#### Try it
For this exercise, output the entries below exactly from the line that holds "Френч-пресс Zwilling из" to the line that holds "Das Optimierungsmodul FLP6000EOS", both ends included. No pictures belong in the copy.

*** Supplied material Section Begins ***

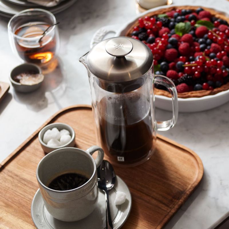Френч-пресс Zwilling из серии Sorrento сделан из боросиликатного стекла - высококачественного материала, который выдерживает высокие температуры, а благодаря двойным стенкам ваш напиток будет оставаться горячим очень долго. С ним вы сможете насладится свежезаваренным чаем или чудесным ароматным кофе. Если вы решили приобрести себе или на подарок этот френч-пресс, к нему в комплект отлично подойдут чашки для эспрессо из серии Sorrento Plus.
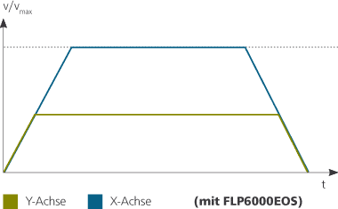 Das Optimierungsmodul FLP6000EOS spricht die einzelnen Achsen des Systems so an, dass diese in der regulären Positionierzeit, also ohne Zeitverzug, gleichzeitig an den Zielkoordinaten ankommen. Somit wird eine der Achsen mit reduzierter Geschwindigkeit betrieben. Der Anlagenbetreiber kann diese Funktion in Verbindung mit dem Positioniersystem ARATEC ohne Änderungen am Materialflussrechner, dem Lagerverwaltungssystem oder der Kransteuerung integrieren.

*** Supplied material Section Ends ***
*** Supplied material Section Begins ***

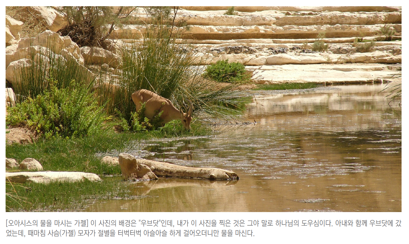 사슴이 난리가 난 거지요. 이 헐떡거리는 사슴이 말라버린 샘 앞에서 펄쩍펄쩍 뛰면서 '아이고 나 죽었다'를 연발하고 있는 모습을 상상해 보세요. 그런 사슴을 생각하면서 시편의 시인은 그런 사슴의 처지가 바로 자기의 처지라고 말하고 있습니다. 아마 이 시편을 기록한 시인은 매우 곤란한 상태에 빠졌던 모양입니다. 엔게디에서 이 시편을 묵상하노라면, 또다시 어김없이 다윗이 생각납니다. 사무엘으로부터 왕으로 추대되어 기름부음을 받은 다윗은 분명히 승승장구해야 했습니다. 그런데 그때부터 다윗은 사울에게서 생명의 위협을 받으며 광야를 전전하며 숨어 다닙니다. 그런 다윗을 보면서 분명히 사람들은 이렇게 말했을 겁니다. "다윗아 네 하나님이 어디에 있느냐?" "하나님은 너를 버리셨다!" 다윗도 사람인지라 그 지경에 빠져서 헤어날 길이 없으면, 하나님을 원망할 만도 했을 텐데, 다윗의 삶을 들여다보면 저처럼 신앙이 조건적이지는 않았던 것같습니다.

*** Supplied material Section Ends ***
*** Supplied material Section Begins ***

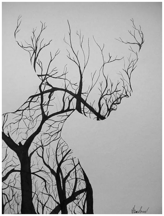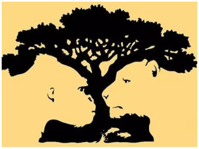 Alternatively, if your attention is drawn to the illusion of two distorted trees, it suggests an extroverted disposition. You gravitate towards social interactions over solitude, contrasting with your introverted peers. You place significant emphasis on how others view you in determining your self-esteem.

*** Supplied material Section Ends ***

#### Solution to this task
Френч-пресс Zwilling из серии Sorrento сделан из боросиликатного стекла - высококачественного материала, который выдерживает высокие температуры, а благодаря двойным стенкам ваш напиток будет оставаться горячим очень долго. С ним вы сможете насладится свежезаваренным чаем или чудесным ароматным кофе. Если вы решили приобрести себе или на подарок этот френч-пресс, к нему в комплект отлично подойдут чашки для эспрессо из серии Sorrento Plus.
 Das Optimierungsmodul FLP6000EOS spricht die einzelnen Achsen des Systems so an, dass diese in der regulären Positionierzeit, also ohne Zeitverzug, gleichzeitig an den Zielkoordinaten ankommen. Somit wird eine der Achsen mit reduzierter Geschwindigkeit betrieben. Der Anlagenbetreiber kann diese Funktion in Verbindung mit dem Positioniersystem ARATEC ohne Änderungen am Materialflussrechner, dem Lagerverwaltungssystem oder der Kransteuerung integrieren.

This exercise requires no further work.